A predictive energy-aware scheduling strategy for scientific workflows in fog computing

Abstract

Fog computing paradigm provides diverse processing resources and storage close to the edge of Internet of Things (IoT) networks. Workflow scheduling is an open issue in fog computing as it addresses the deployment of IoT workflow tasks on fog cells. Deploying workflow tasks on fog cells in an inefficient manner can have negative consequences. It can lead to bandwidth waste, resource depletion, and significant operating expenses. Additionally, the majority of scheduling evolutionary algorithms suffer from premature convergence and sticking in local optima. In this paper, a predictive energy-aware scheduling framework is proposed as a MAPE-K control model consisting of the four Monitor, Analyzer, Planner and Executer components with a shared Knowledge base in fog computing. First, a prediction method applying an Adaptive Network-based Fuzzy Inference System (ANFIS) into an analyzer component is introduced to predict future resource load.

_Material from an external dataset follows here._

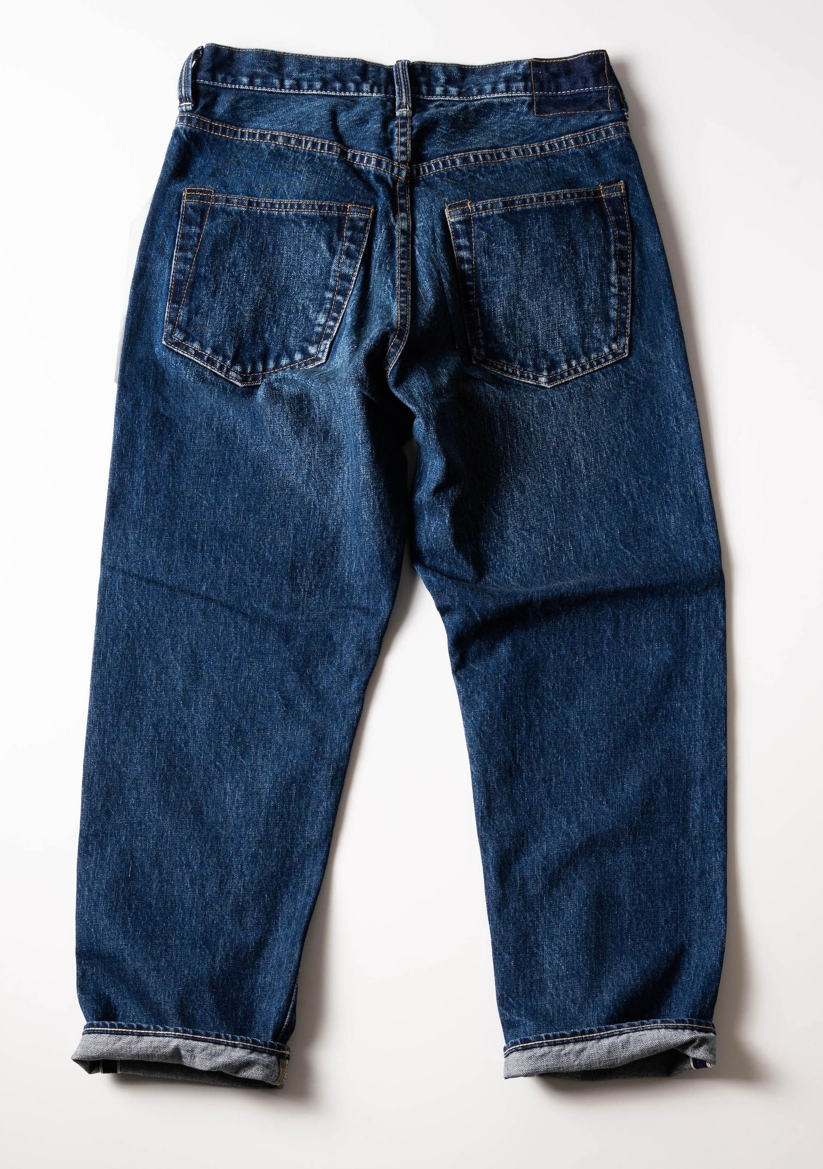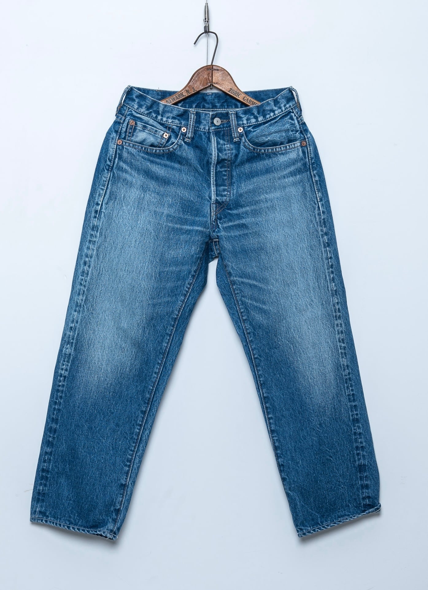 岡山産のオーガニックのセルビッチデニムを使用。重すぎないけれど肉感を拾わないオンスを選んでいます。ヴィンテージリーバイス501の47モデルを元にしています。女性でも履けるセルビッチ使いのド定番のジーンズ。全体に緩めのシルエットでカッコよさと女らしさを両立できるデニムパンツ。今回新色ビンテージブルーが登場です。

Second, a resource management strategy based on predicted resource load is presented to reduce energy consumption. Third, the Improved Ant Lion Optimizer (ALO) and weighted Grey Wolf Optimizer (GWO) are combined into a planner component called I-ALO-GWO for workflow scheduling. In the end, the decisions made in the previous steps are executed on the fog cells. The effectiveness of the I-ALO-GWO evolutionary algorithm has been tested on the IEEE CEC2019 benchmark functions. In addition, the proposed approach is evaluated practically under several famous scientific workflows using the iFogSim tool. Experimental results indicate that I-ALO-GWO improves the makespan up to 18 %, the energy consumption up to 17 %, the total execution cost up to 11 % and 26 % in terms of efficiency in comparison with the second-best results.